Your reply should consist of the entries, copied exactly and stripped of images.
=== The data ===
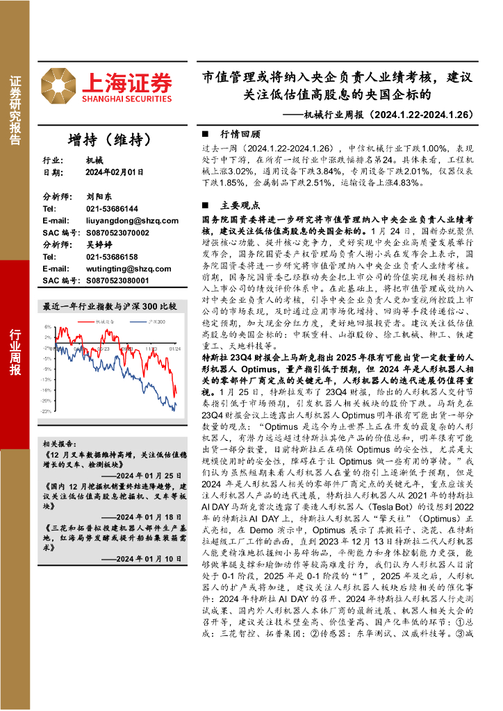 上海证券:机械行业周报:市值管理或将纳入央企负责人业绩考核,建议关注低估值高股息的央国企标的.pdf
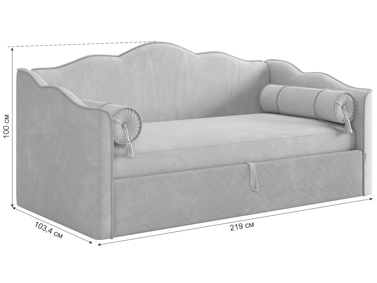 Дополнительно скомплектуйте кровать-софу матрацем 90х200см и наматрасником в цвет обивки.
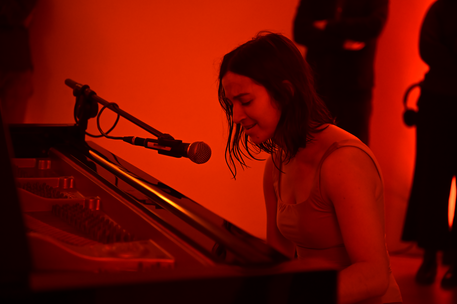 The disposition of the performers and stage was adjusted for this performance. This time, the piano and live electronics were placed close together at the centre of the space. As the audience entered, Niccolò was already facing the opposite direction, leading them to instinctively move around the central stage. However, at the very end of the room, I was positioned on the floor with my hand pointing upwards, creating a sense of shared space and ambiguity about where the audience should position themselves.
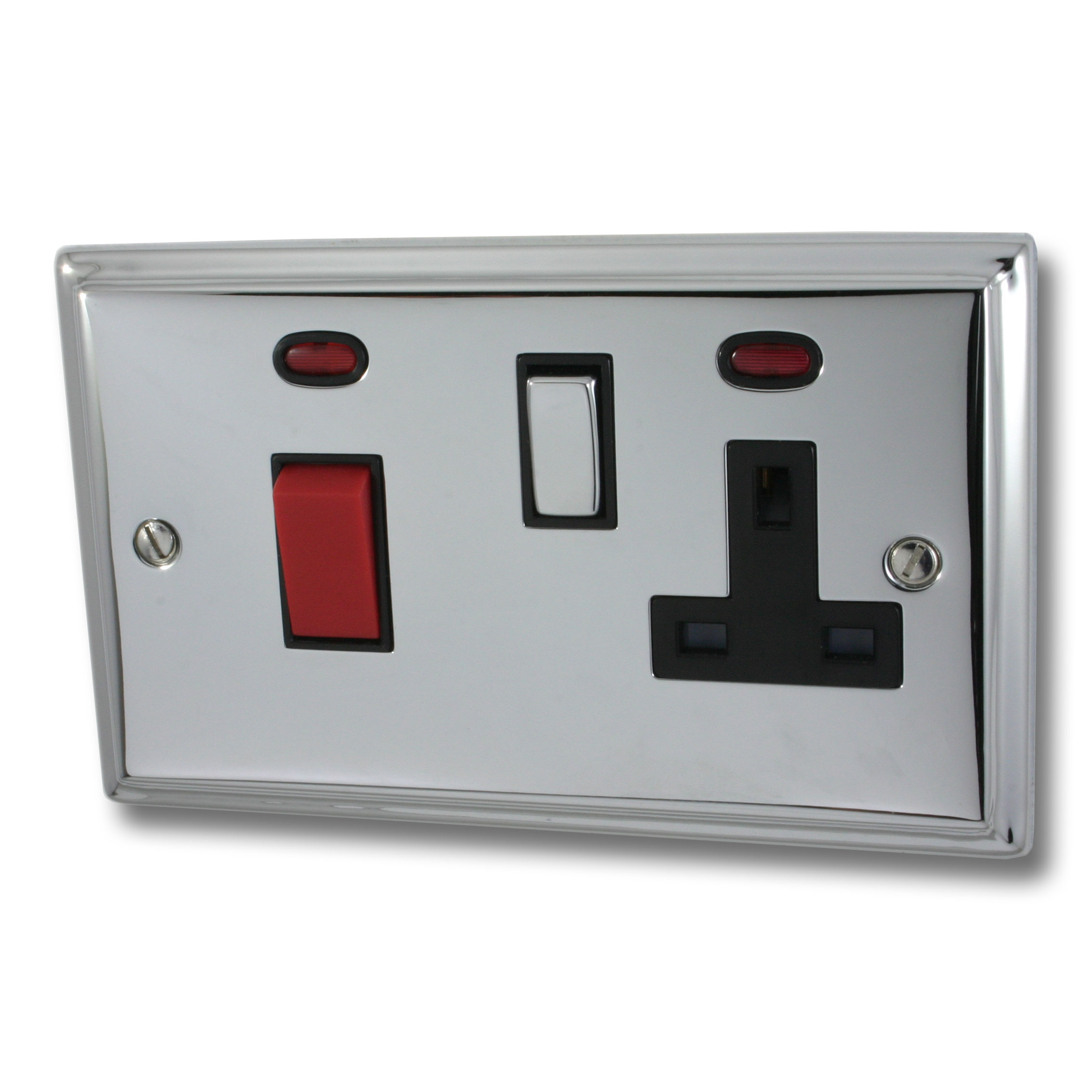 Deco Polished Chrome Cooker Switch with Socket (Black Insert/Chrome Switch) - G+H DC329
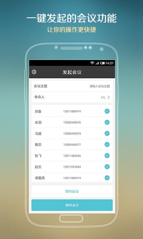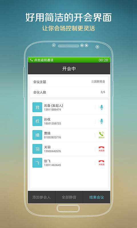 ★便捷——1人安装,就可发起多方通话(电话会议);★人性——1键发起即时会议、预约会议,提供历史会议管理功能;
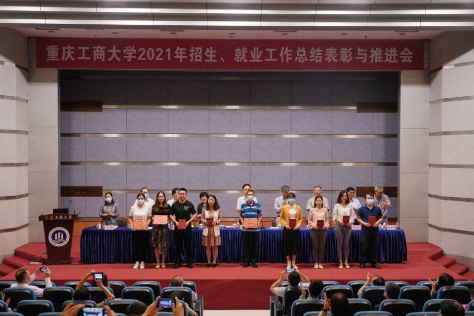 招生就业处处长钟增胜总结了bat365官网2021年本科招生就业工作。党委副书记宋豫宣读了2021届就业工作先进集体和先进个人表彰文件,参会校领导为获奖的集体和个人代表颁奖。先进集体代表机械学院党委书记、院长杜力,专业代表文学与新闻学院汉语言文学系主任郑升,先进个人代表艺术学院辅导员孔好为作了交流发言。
===
▸ Exercise answer:
 上海证券:机械行业周报:市值管理或将纳入央企负责人业绩考核,建议关注低估值高股息的央国企标的.pdf
 Дополнительно скомплектуйте кровать-софу матрацем 90х200см и наматрасником в цвет обивки.
 The disposition of the performers and stage was adjusted for this performance. This time, the piano and live electronics were placed close together at the centre of the space. As the audience entered, Niccolò was already facing the opposite direction, leading them to instinctively move around the central stage. However, at the very end of the room, I was positioned on the floor with my hand pointing upwards, creating a sense of shared space and ambiguity about where the audience should position themselves.
 Deco Polished Chrome Cooker Switch with Socket (Black Insert/Chrome Switch) - G+H DC329
 ★便捷——1人安装,就可发起多方通话(电话会议);★人性——1键发起即时会议、预约会议,提供历史会议管理功能;
 招生就业处处长钟增胜总结了bat365官网2021年本科招生就业工作。党委副书记宋豫宣读了2021届就业工作先进集体和先进个人表彰文件,参会校领导为获奖的集体和个人代表颁奖。先进集体代表机械学院党委书记、院长杜力,专业代表文学与新闻学院汉语言文学系主任郑升,先进个人代表艺术学院辅导员孔好为作了交流发言。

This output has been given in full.